Microsoft is tackling this problem holistically with its System Definition Model (SDM), a schema for creating “operationally aware” applications, using XML as the underlying technology. Rather than instrument applications as an afterthought, the idea is for developers to instrument applications, with both resource requirements and system monitoring, at the beginning of the process.

As described by Microsoft, an SDM description would enable the operating system to deploy an application automatically, including the allocation server, storage, and networking resource. Based on the description, or instrumentation, the SDM can adjust resource allocation during operation. The instrumentation also provides a foundation for detecting problems with an application or set of business processes and for triggering self-healing functions.

Developing end-to-end SDM support within the Windows family will take another 5 to 10 years, but Microsoft will deliver incremental changes as new versions of the server and operating system are hatched.

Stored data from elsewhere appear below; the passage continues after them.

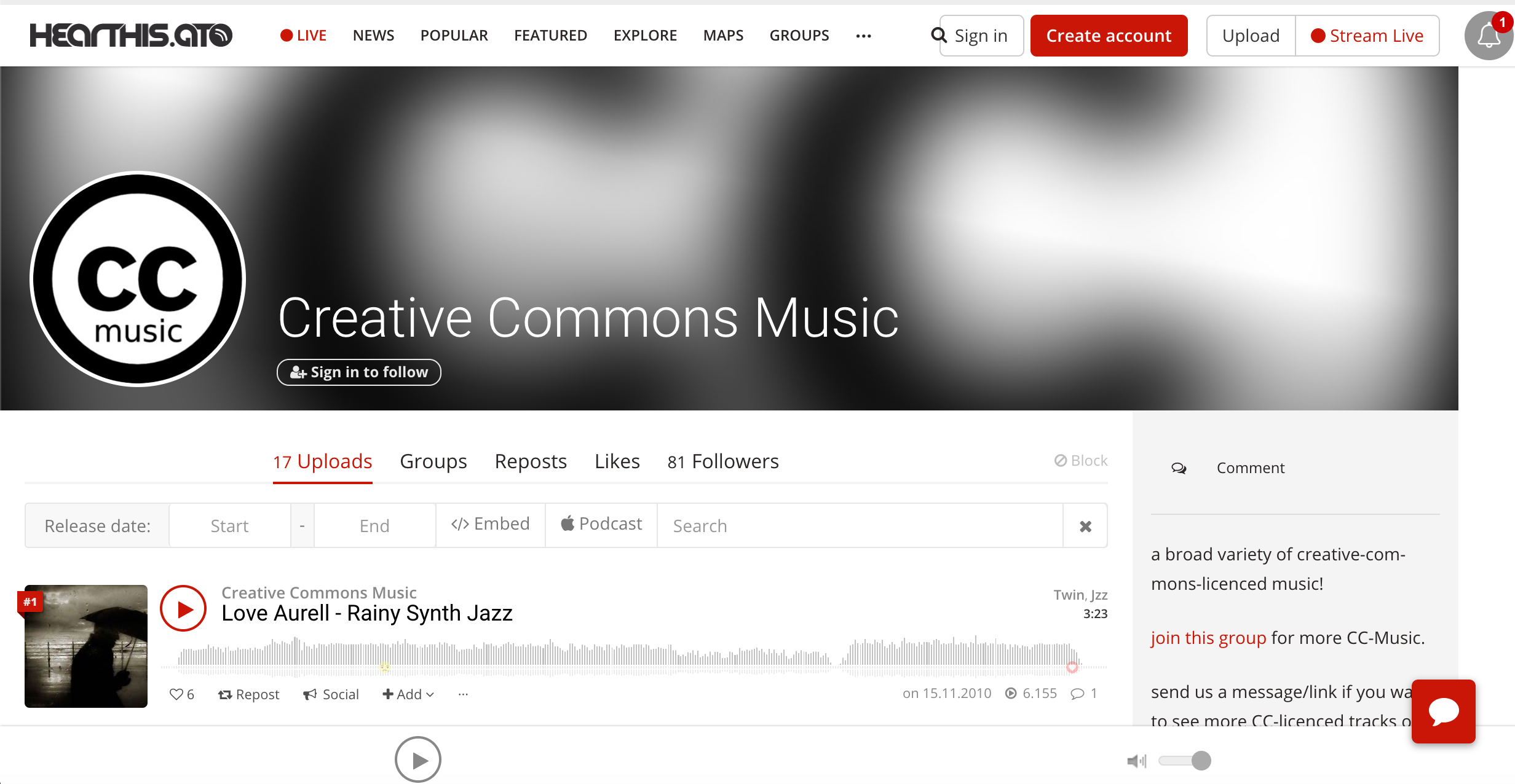This option includes more than 9,000 songs and 1,500 full albums. You don’t need an account to access content from CCTrax, but you will need to get in touch with the artist and figure out the details of a licensing agreement.
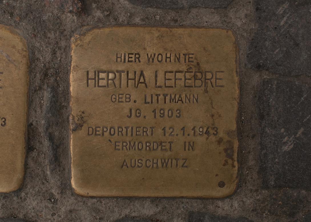 1937 zog der Kaufmann Otto Lefèbre in die Marburger Straße 3 ein. Er besaß eine Fensterreinigungsfirma, die unter dieser Adresse bis 1941 zu finden war. Im darauf folgenden Jahr tauchte sein Name weder hier noch unter einer anderen Berliner Adresse auf. Aus Archivunterlagen geht hervor, dass der am 6. September 1881 im pommerschen Falkenburg/Złocieniec geborene Otto Lefèbre und seine am 22. Oktober 1903 in Berlin geborene Ehefrau Hertha Lefèbre, geb. Littmann, sowie deren am 11. März 1935 geborener Sohn Lutz Lefèbre in das
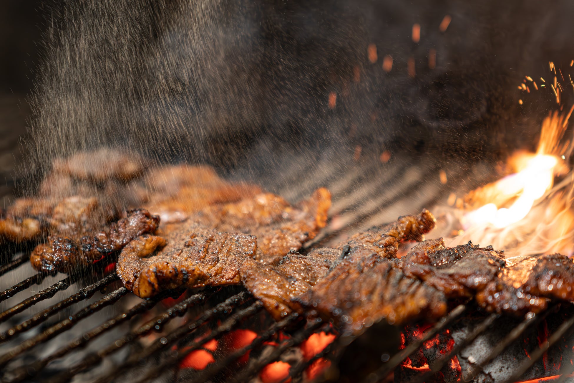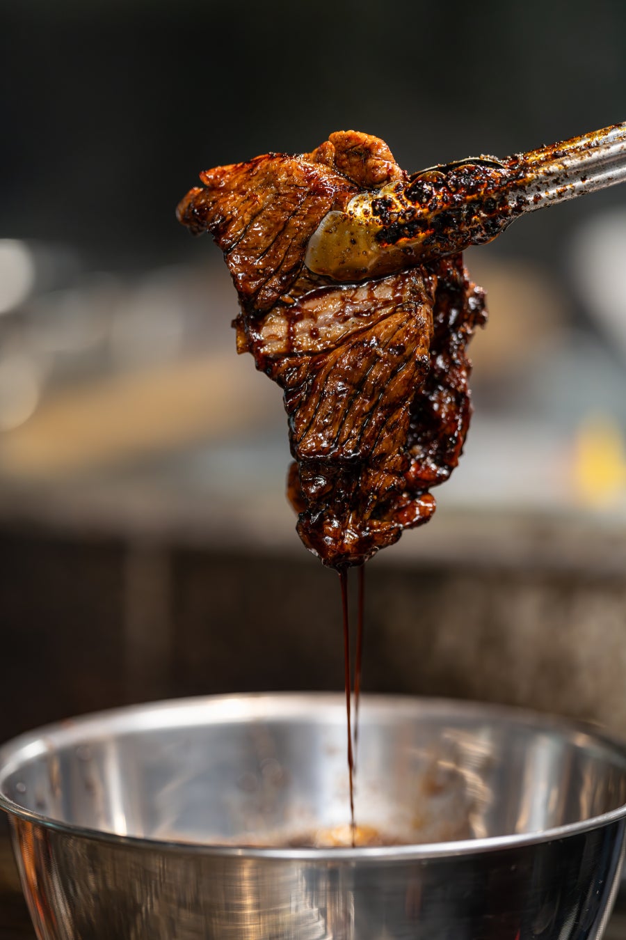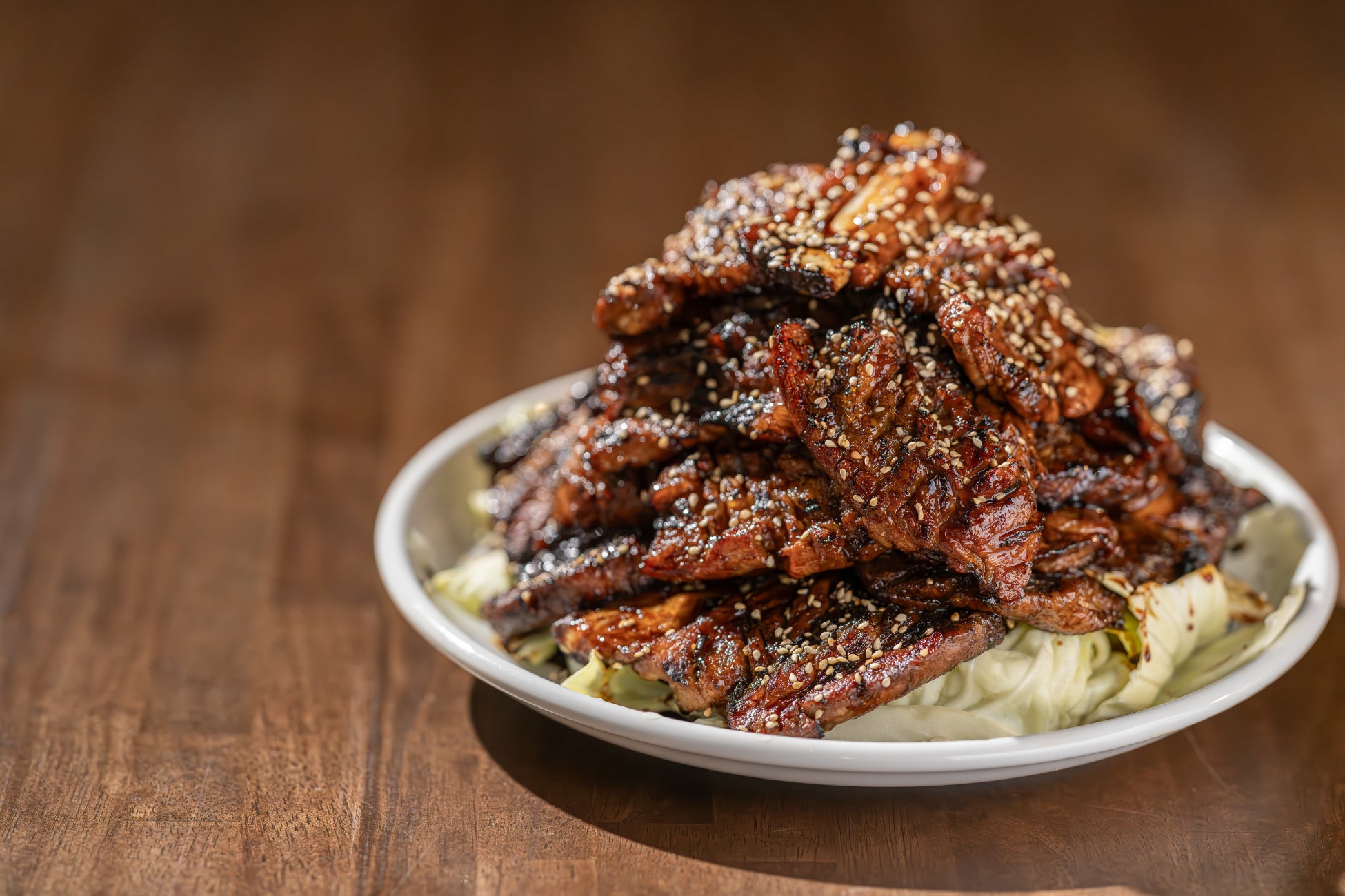 焼き上がった骨付きカルビに本格タレとブラックペッパーをたっぷりかけて提供します。
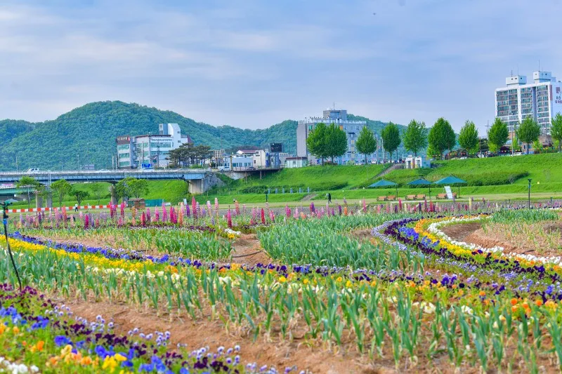 개인적으로는 공산성이 배경이 되어 주는 미르섬의 꽃밭을 좋아합니다.
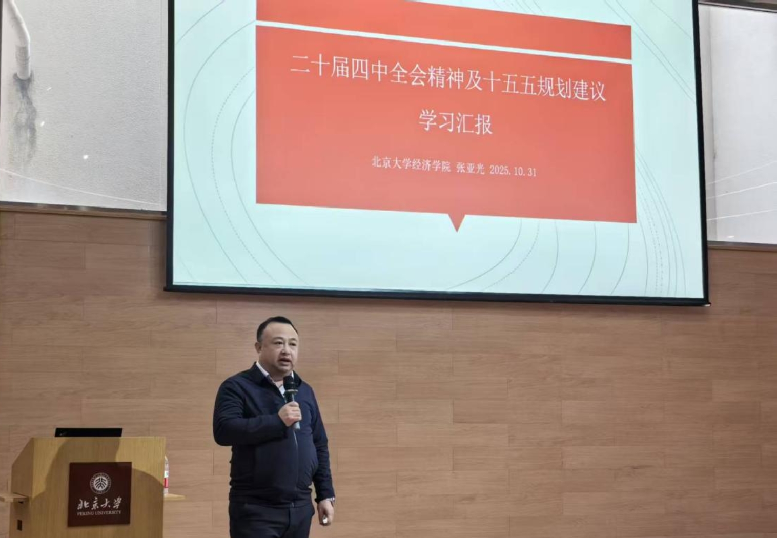 學(xué)習(xí)宣傳貫徹黨的二十屆四中全會(huì)精神,是當(dāng)前和今后一個(gè)時(shí)期的重大政治任務(wù)。為更好地學(xué)習(xí)全會(huì)精神,10月31日,現(xiàn)代農(nóng)學(xué)院黨總支特別邀請(qǐng)北京大學(xué)經(jīng)濟(jì)學(xué)院副院長(zhǎng)、長(zhǎng)聘副教授張亞光帶來(lái)以“二十屆四中全會(huì)精神及‘十五五’規(guī)劃建議學(xué)習(xí)匯報(bào)”為題的專題講座。講座由現(xiàn)代農(nóng)學(xué)院黨總支書(shū)記、副院長(zhǎng)西鵬主持。現(xiàn)代農(nóng)學(xué)院分子農(nóng)學(xué)教工黨支部、農(nóng)業(yè)經(jīng)濟(jì)管理與行政聯(lián)合黨支部、分子農(nóng)學(xué)學(xué)生黨支部和農(nóng)業(yè)經(jīng)濟(jì)管理學(xué)生黨支部黨員共同參與本次學(xué)習(xí)。
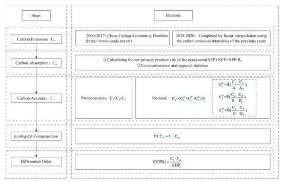 where GDPi is the GDP of place I, V c o 2 is the unit price of carbon, and |CCPSi| is the corrected ecological compensation differential order for region i. The magnitude of the |CCPSi| value represents the importance of ecological compensation funds to the region. When a place has a carbon surplus area, it should be compensated, and at the same time, CCPSi < 0 indicates that the place is in urgent need of eco-compensation funds, and at this time, the smaller the value of CCPSi, the higher the order of being compensated. When a place is a carbon deficit area, the funds should be paid, and at the same time, CCPSi > 0. The larger value of CCPSi indicates that the payment of eco-compensation funds has a larger touch on the local area, and at this time, the larger the CCPSi is, the more the order of payment is.
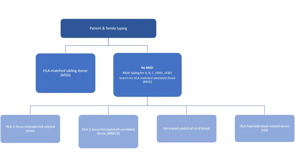 HLA-matched sibling donors are the ideal donors, but they are only available in approximately 30% of cases.1 The next best option is an HLA-matched unrelated donor (MUD), which is also not always available, especially for patients of non-European background2, leading to the choice between HLA-mismatched related or unrelated donors (MMUD), HLA-haploidentical (HD) donors, or umbilical cord blood (Figure 1).3,4

Other development platforms are also working on similar kinds of functionality. Sun’s experimental project, JFluid, is focused on creating profiling of Java applications by “instrumenting” the code so that it can change application behavior dynamically. IBM, among others, has focused research on autonomic computing, which the company defines as “self-managed computing systems with a minimum of human interference.” The products are variously described as on self-configuring, healing, optimizing and protecting.

Like on demand or autonomic computing, instrumenting the enterprise is a way to bring more automation and flexibility into the IT equation. Standards bodies and vendors will come up with instrumentation standards that make orchestrating IT instrumentation easier to implement. However, without making instrumenting at multiple levels and across the extended enterprise integral to the IT architecture, you’ll be grounded while more intrepid competitors are still flying high.